Segment Start: INPUT FOR THIS TASK

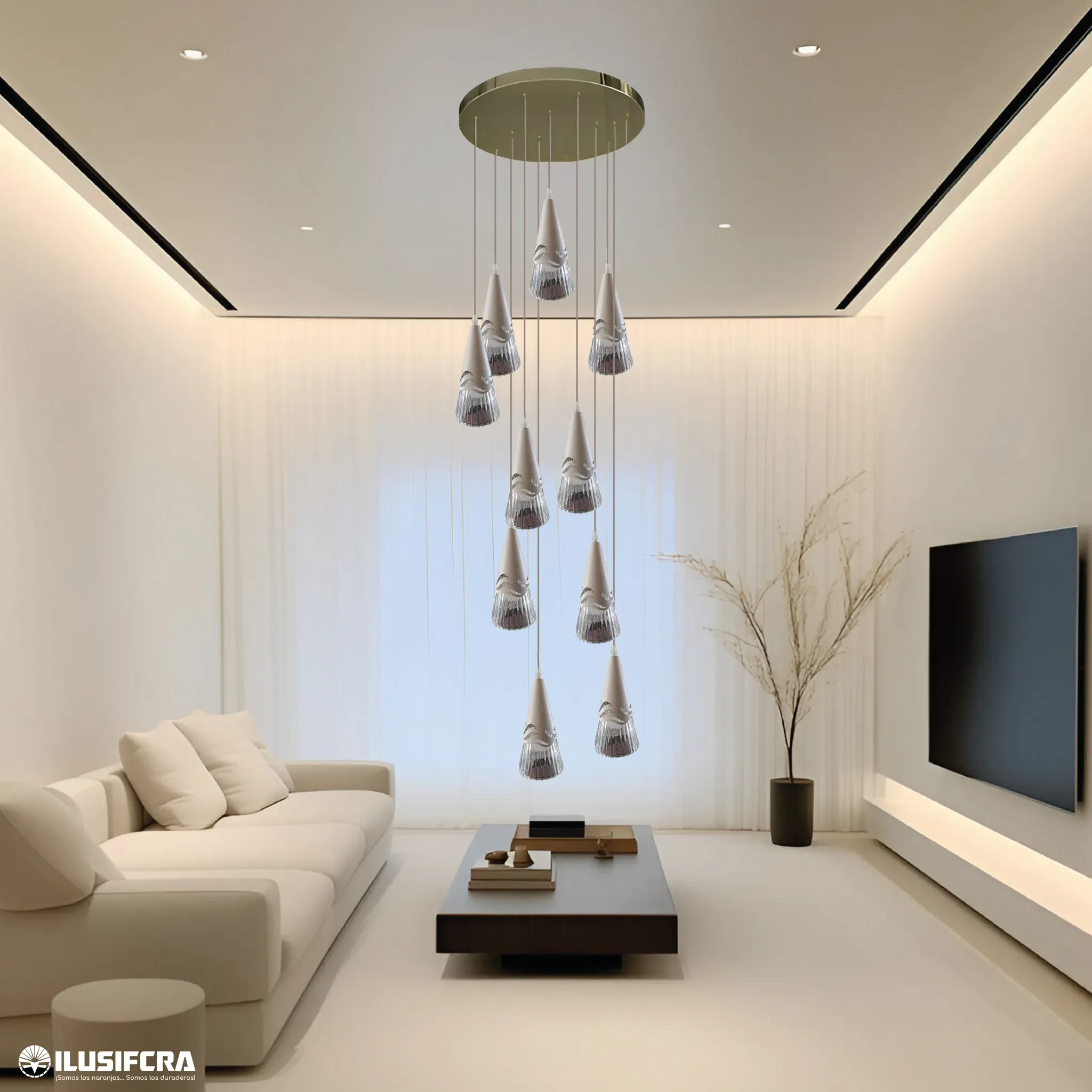 diferentes niveles aporta dinamismo visual y un estilo sofisticado, ideal para salas, comedores o espacios de doble altura. Con una iluminación
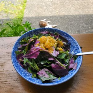 父の新作 水前寺菜 キク科サンシチソウ属、多年草 標準和名では「水前寺菜(スイゼンジナ)」といい、東南アジアが原産とされるキク科の多年草です。 熊本県の水前寺地区(現在の熊本市中央区水前寺町)で湧き水を利用して栽培されたことから水前寺菜と呼ばれるようになったそうです。 葉の部分と若い茎を食用とし、この葉の色に特徴があり、表面が濃い緑色に対し、裏は鮮やかな紫色をしています。 この葉の裏の色が金時(キントキ)芋の色によく似ていることから、加賀地方では金時草と呼ばれるようになったとか。 また、その葉は少し厚みがあり、折り曲げるとパリッと割れるような肉質ですが、茹でるとぬめりが出て、ワカメのような食感になります。カロテン、ビタミンC、カルシウムやカリウムが豊富です。 と,調べたら書いてありました。 美味しい食べ方教えてください♪ 生でかじってみたら,パンチ凄めでした‼️
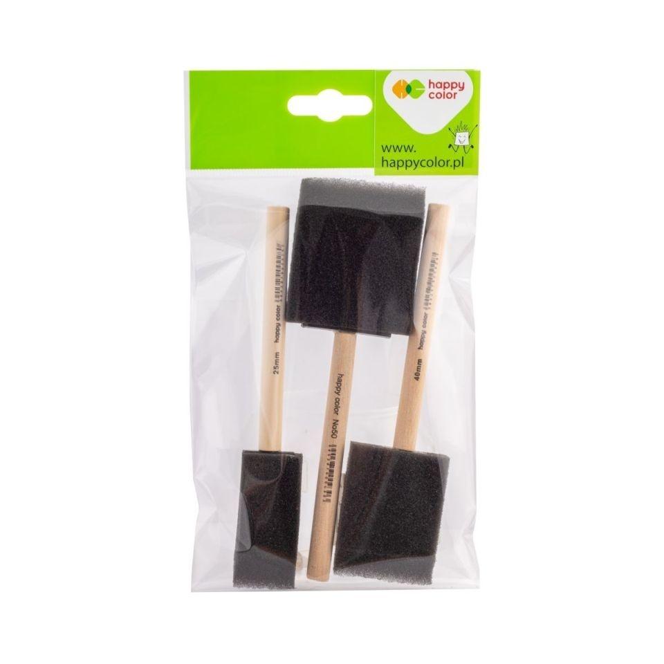 Pędzel gąbkowy płaski 3szt HAPPY COLOR
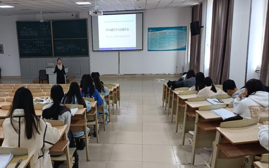 2023年11月9日上午,Beat365唯一官方网站经济与金融专业毕业论文工作启动会暨专业实习动员会在主楼3-4召开。会议由经济与金融系主任王植荔副教授,Beat365唯一官方网站实验中心主任张凤岩副教授共同主持,2020级经济与金融专业38名同学参加了会议。
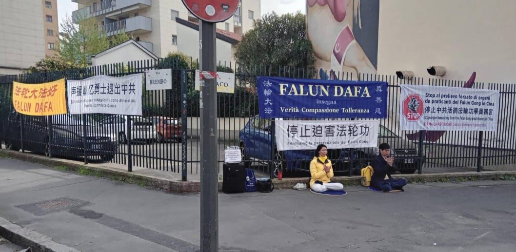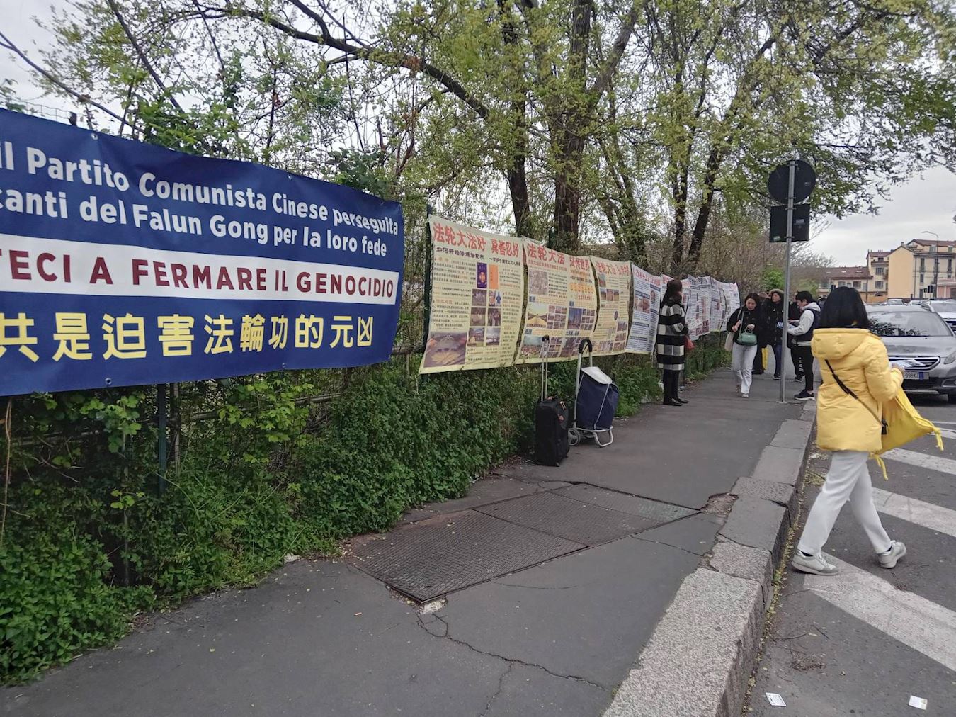 四月二日和九日两天,米兰法轮功学员在米兰中领馆前举行活动,呼吁停止这场在中国持续了二十五年的迫害。他们设立了中文信息板,帮助路过的中国人了解真相。其中有用中文和意大利文写的横幅:“法轮大法教导真善忍”“停止迫害法轮功”“停止活摘法轮功学员器官”
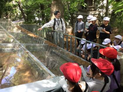 5,6年生は、地域の再発見により自分たちの地域に愛着をもつことなどを目的に、豊田大塚古墳まで出かけました。現地では学芸員による説明を聞き、地域の歴史について理解を深めることができました。
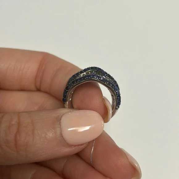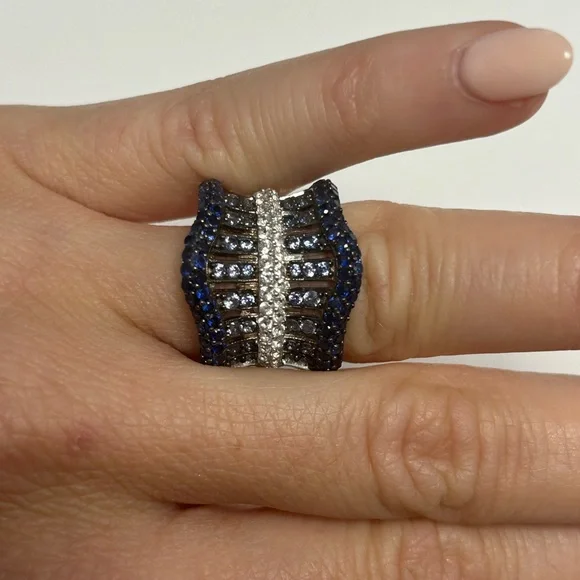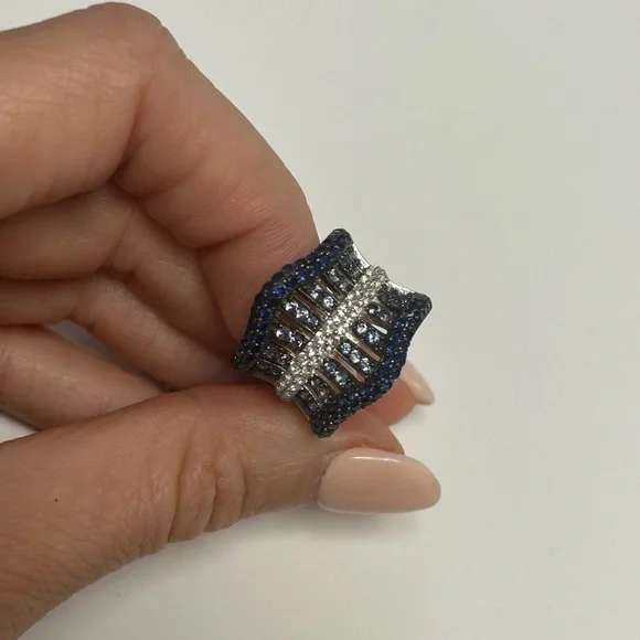 Suzy Levian Sterling Silver Blue Sapphire White Created Sapphire Ring NWT
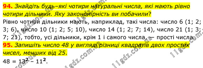 94. Знайдіть будь–які чотири натуральні числа, які мають рівно чотири дільники. Яку закономірність ви побачили? Рівно чотири дільники мають, наприклад, такі числа: число 6 (1; 2; 3; 6), число 10 (1; 2; 5; 10), число 14 (1; 2; 7; 14), число 21 (1; 3; 7; 21), тобто, усі дільники, крім 1 і самого числа, — прості числа. 95. Запишіть число 48 у вигляді різниці квадратів двох простих чисел, менших від 25. 48 = 1З2 – 112.
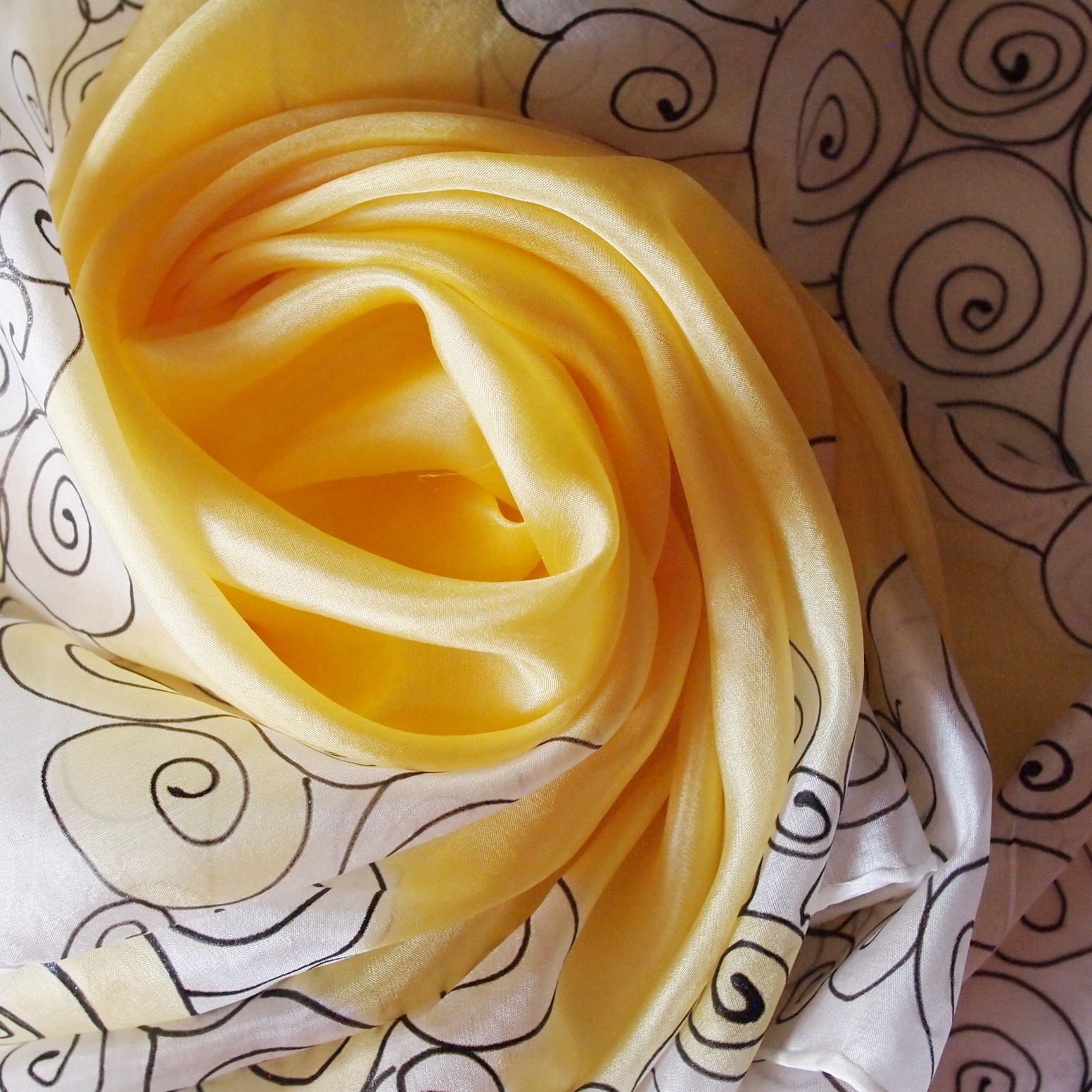 Jednoduchý elegantní šátek 74 x 74 cm. Lem šátku je zdoben černými ornamenty. Barva šátku - světle žlutá, jasná, jemná a elegantní.
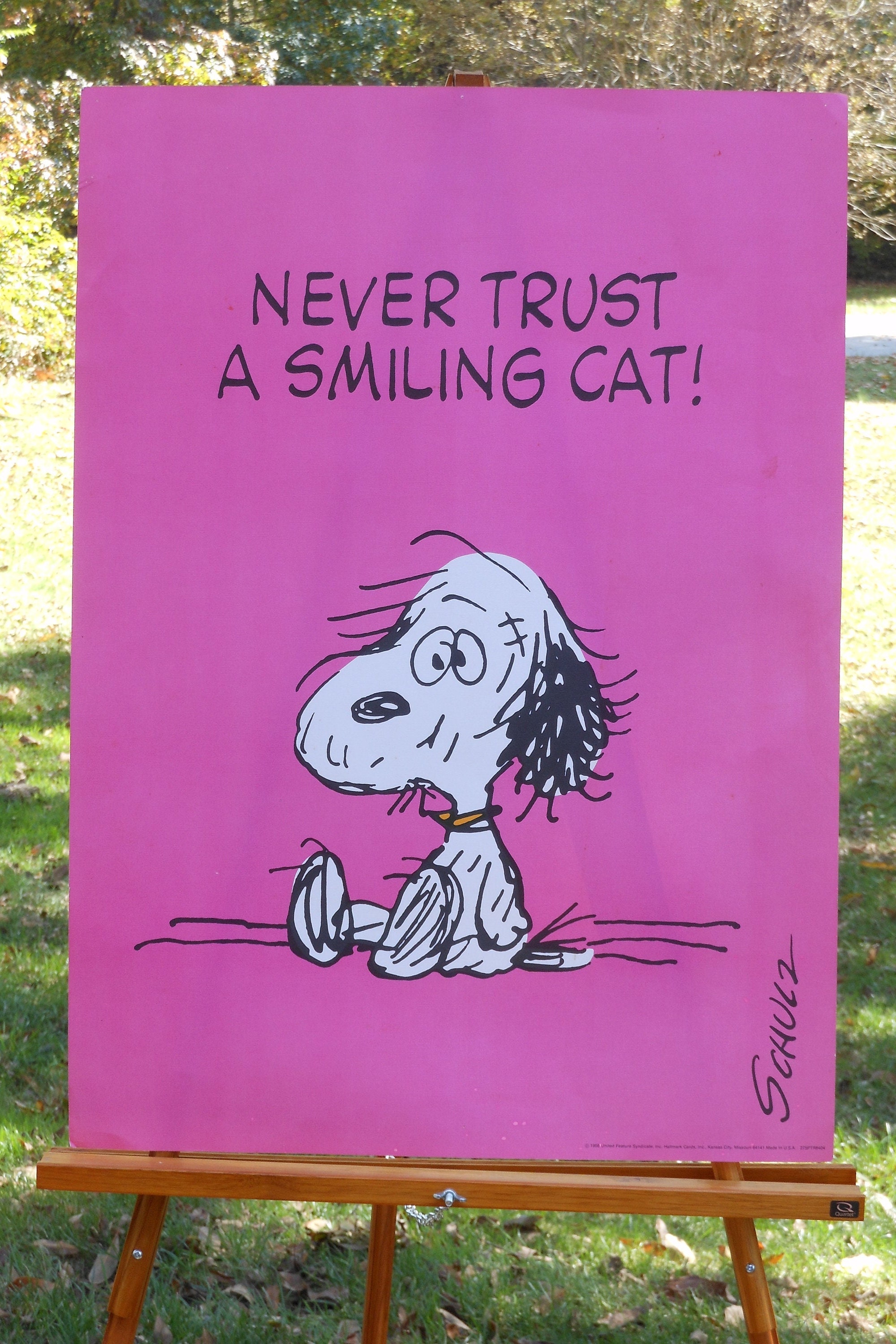 This is a Hallmark Cards, Inc. Charles Schulz Snoopy Poster from the 1970s era. No tears or rips, a little time-worn, three little thumbtack holes at the very top. Measures 28 inches tall and 20 inches wide. Copyright is King Features Syndicate, 1958 but era is likely early to mid-1970s. This is an unframed poster, will be packed in a mailing tube. Colors are purple, black and white.
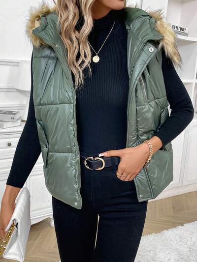 Ladies' Solid Color Zipper Closure Short Padded Vest Jacket Winter Green Casual Christmas
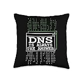 System Admin Gift & System Engineering Accessories Network Admin, DNS is The Answer, Sysadmin & IT Programmer Throw Pillow, 16x16, Multicolor
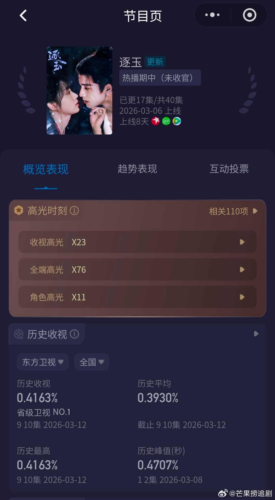 《逐玉》云合日榜七连冠,年榜已来到第九位,占比超43.7%,酷云日榜六连冠,收视率历史平均(暂)0.3930%!
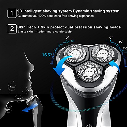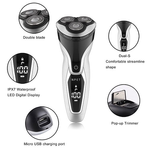 Electric Shaver Razor for Men 2 in 1 NPET ES8109 USB Quick Rechargeable Electric Razor, IPX7 Waterproof Wet & Dry Rotary Shavers with LED Display, Travel...
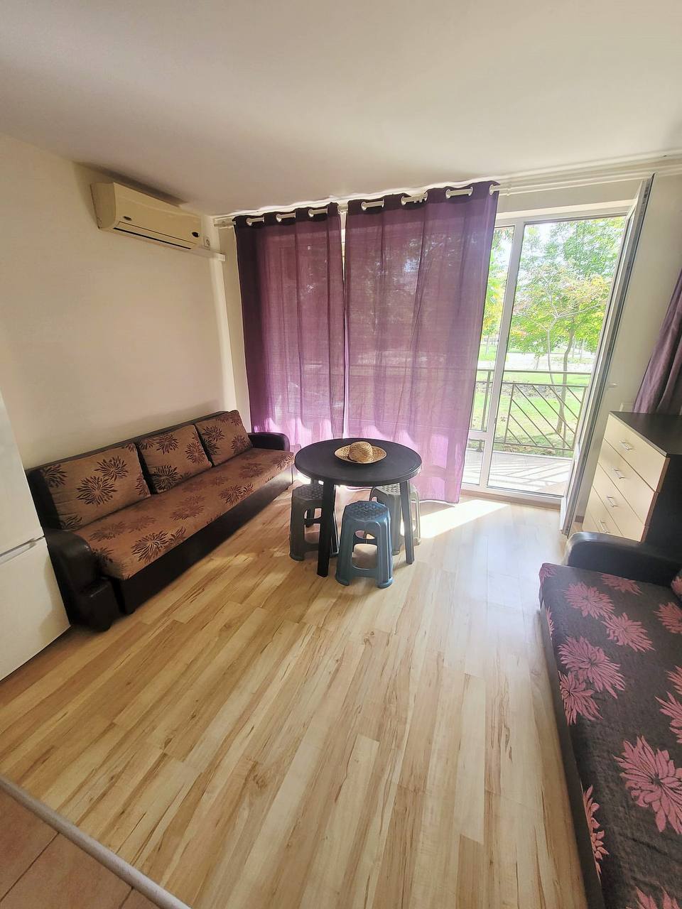 Студия представляет собой светлое пространство с удобной планировкой, где можно организовать зону отдыха, кухню и место для сна. Партерное расположение обеспечивает лёгкий доступ, что особенно удобно для семей с детьми или пожилых людей. Полностью готова к использованию, подходит для отдыха у моря или как инвестиция для получения дохода от аренды.

Segment End: INPUT FOR THIS TASK

▸ WHAT YOU HAVE TO DO
Reproduce the records above exactly, but only from the line with "2023年11月9日上午,B" up to and including the line with "5,6年生は、地域の再発見に". Leave the pictures out.

▸ RESULT OF THIS TASK
 2023年11月9日上午,Beat365唯一官方网站经济与金融专业毕业论文工作启动会暨专业实习动员会在主楼3-4召开。会议由经济与金融系主任王植荔副教授,Beat365唯一官方网站实验中心主任张凤岩副教授共同主持,2020级经济与金融专业38名同学参加了会议。
 四月二日和九日两天,米兰法轮功学员在米兰中领馆前举行活动,呼吁停止这场在中国持续了二十五年的迫害。他们设立了中文信息板,帮助路过的中国人了解真相。其中有用中文和意大利文写的横幅:“法轮大法教导真善忍”“停止迫害法轮功”“停止活摘法轮功学员器官”
 5,6年生は、地域の再発見により自分たちの地域に愛着をもつことなどを目的に、豊田大塚古墳まで出かけました。現地では学芸員による説明を聞き、地域の歴史について理解を深めることができました。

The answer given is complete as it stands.